Arundo Re has had its Financial Strength Rating of A (Excellent) and Long-Term Issuer Credit Rating of 'a' (Excellent) affirmed by AM Best, with a stable outlook on both ratings. The rating action, published on July 8, 2026, is the first since the France-based reinsurer completed its rebrand from CCR RE in January 2025 - and the performance metrics behind it demonstrate that the company has navigated a complete ownership transfer, a €200 million capital injection and a full corporate rebrand while continuing to improve profitability and maintain balance sheet strength.
Arundo Re adopted its current name in January 2025 after trading as CCR RE since the company's formation in 2016. CCR RE was established to take over the commercial reinsurance activities of Caisse Centrale de Réassurance, France's state-backed reinsurer. The rebrand followed a 2023 ownership transfer to a consortium led by SMABTP and MACSF, which injected €200 million of new capital. The company has been profitable in every year since its creation as a stand-alone entity, with earnings from both underwriting and investment activities throughout the ownership transition period.

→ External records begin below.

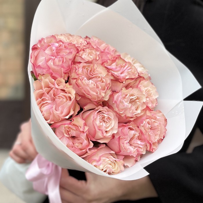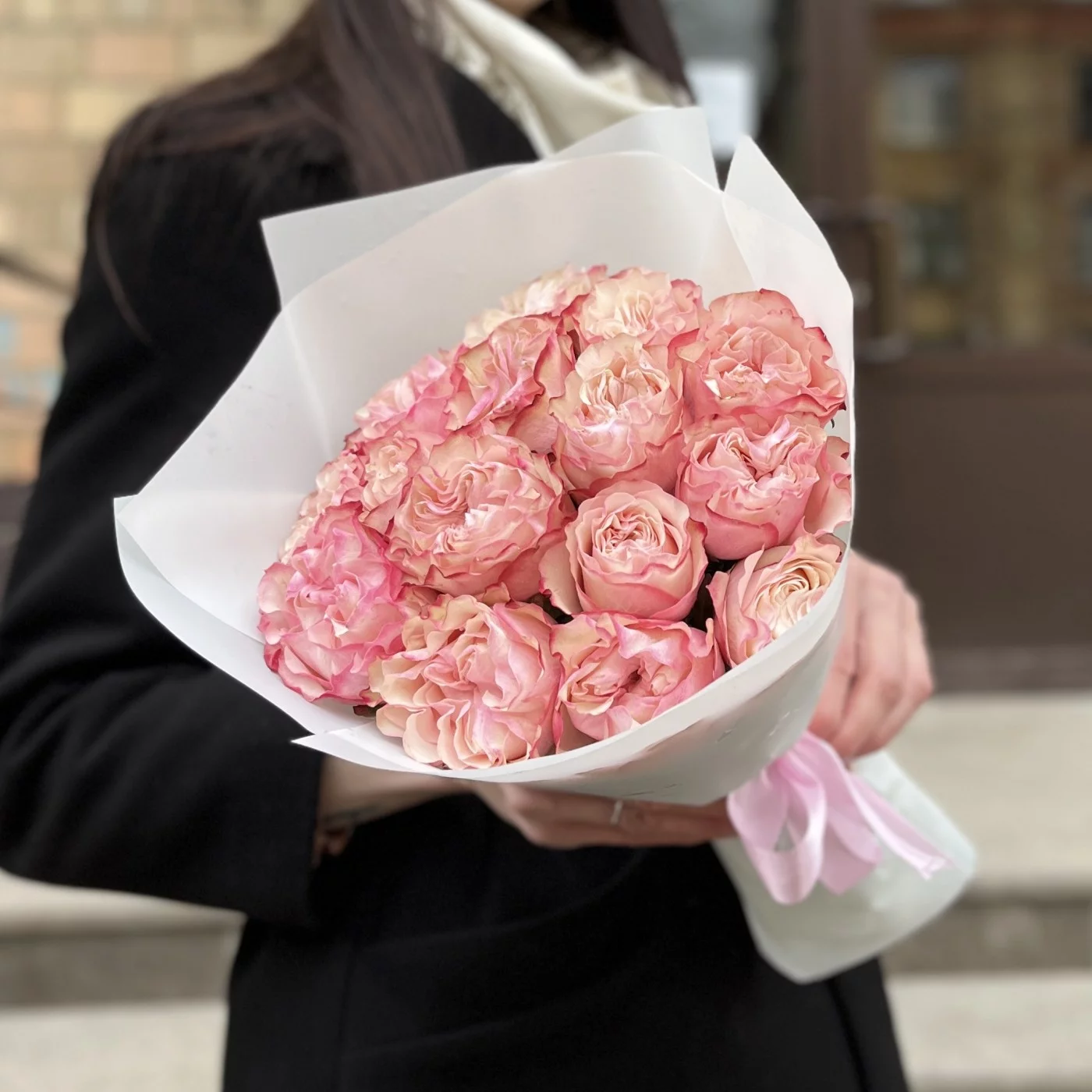 Букет из 15 малиново-белых роз "Кантри Кэнди" — это стильный и выразительный подарок. Эти пионовидные розы с мягкими переходами цвета привносят в атмосферу нежность и утонченность. Идеально подходит для романтических моментов и особых событий, подчеркивая ваши искренние чувства.
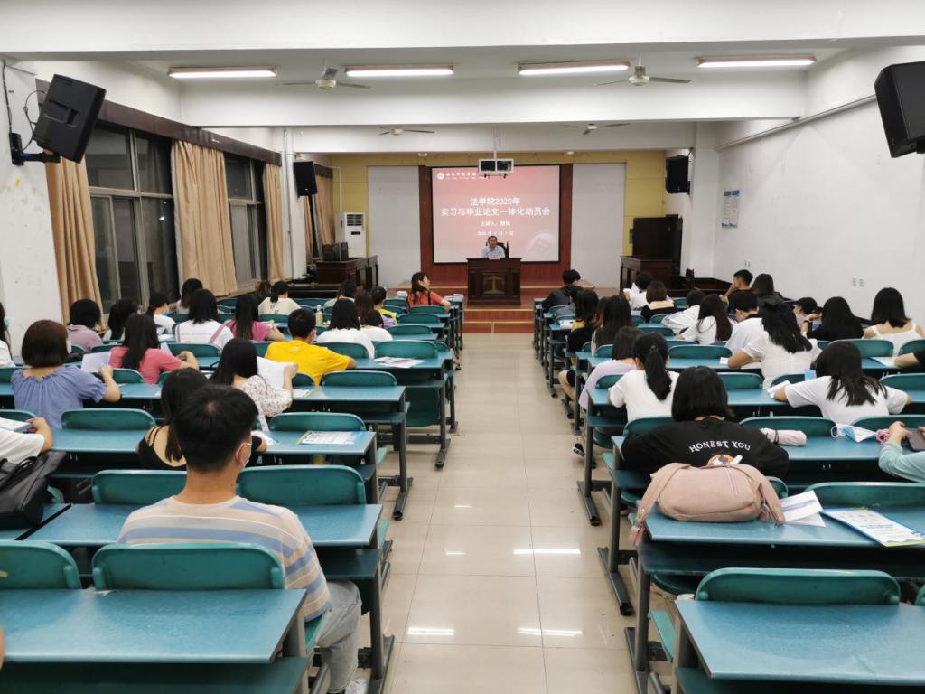 2020年9月7日晚,法学院2021届毕业生毕业实习与毕业论文一体化动员会在和义楼116室召开。会议由胡伟副院长主持,根据学校疫情防控的要求,2017级法学本科专业、2017级电子商务及法律专业共176名学生分五批次参加本次会议。会上,胡伟副院长传达了学校教务处关于毕业实习与毕业论文一体化工作的文件精神,解读了毕业实习和毕业论文的教学规划,并根据学校教务处关于毕业实习与毕业论文一体化工作的具体安排,详细说明了法学院2021届毕业生毕业实习和毕业论文的工作规划和要求。
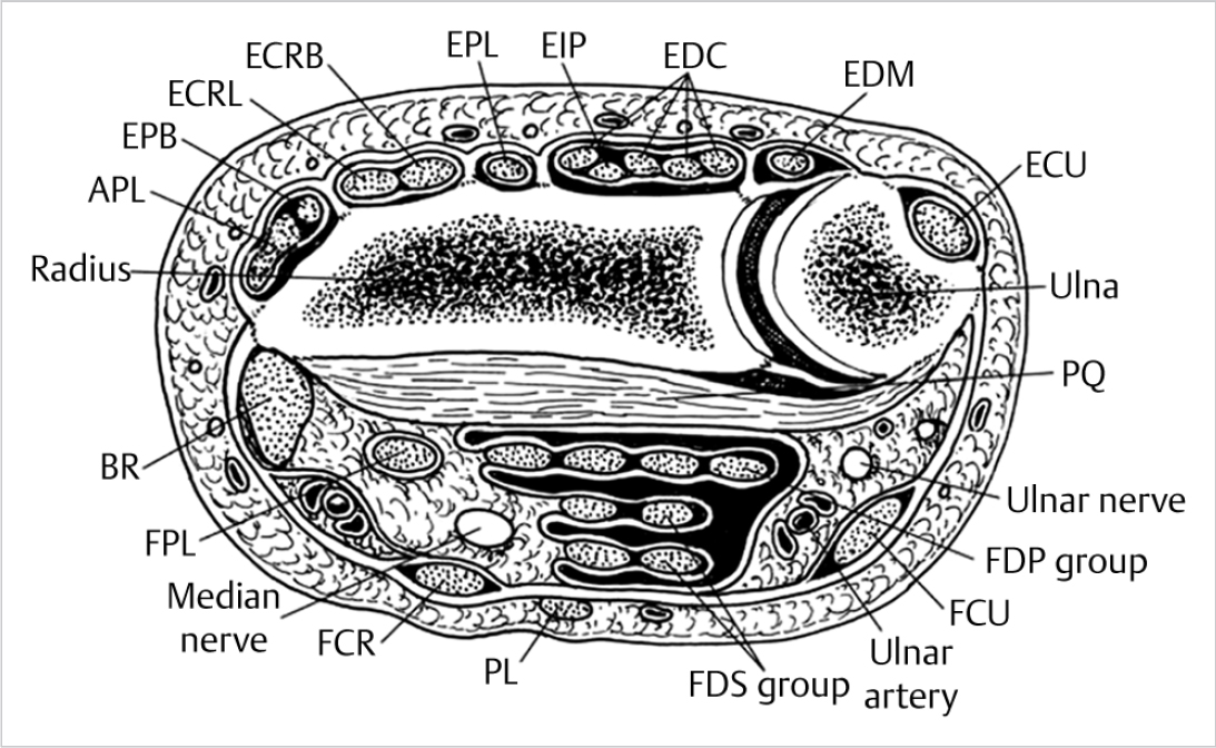 With bridge plating, an apparatus intimately involving the extensor compartments is utilized (► Fig. 45.4). These compartments are as follows:

The return on capital trajectory is the most analytically significant performance observation. The five-year average return on capital and surplus to 2025 was 9.5%, rising to 12.5% in 2025 - an improving trend through a period of structural change that would typically create financial and operational drag. Net written premium grew at an average annual rate of 16.7% over the five years to 2025, with nine consecutive years of double-digit growth. The most recent year's 5.5% growth rate sits below the five-year average, a moderation that may reflect deliberate portfolio discipline at a point of market cycle softening rather than a demand-side constraint - though the data alone does not resolve the distinction.
Arundo Re's 2024 full-year results showed a combined ratio of 94.7%, down from 96.6% a year earlier, with a net profit of €64 million. The solvency ratio stood at 211% at year-end 2024, up from 208%. The company operates across 103 countries and faced natural catastrophe losses in Canada during 2024 including wildfires, hailstorms and flooding.
AM Best assessed balance sheet strength as very strong, with the Best's Capital Adequacy Ratio at the strongest level. The BCAR includes partial credit for the company's subordinated debt, alongside low reinsurance dependence and conservative reserving practices. The debt-to-capital ratio stood at 15.5% at year-end 2025, with strong interest coverage. The investment portfolio was characterised as liquid and of good quality. AM Best assessed operating performance as adequate, enterprise risk management as appropriate and the business profile as neutral, attributing the neutral characterisation to the company's established presence in the international reinsurance market and its diversified underwriting portfolio spanning traditional property and casualty, life and health, and specialty lines including credit, marine, aviation, space and agriculture. Internal capital generation has supported balance sheet strength through the period of rapid premium growth since formation.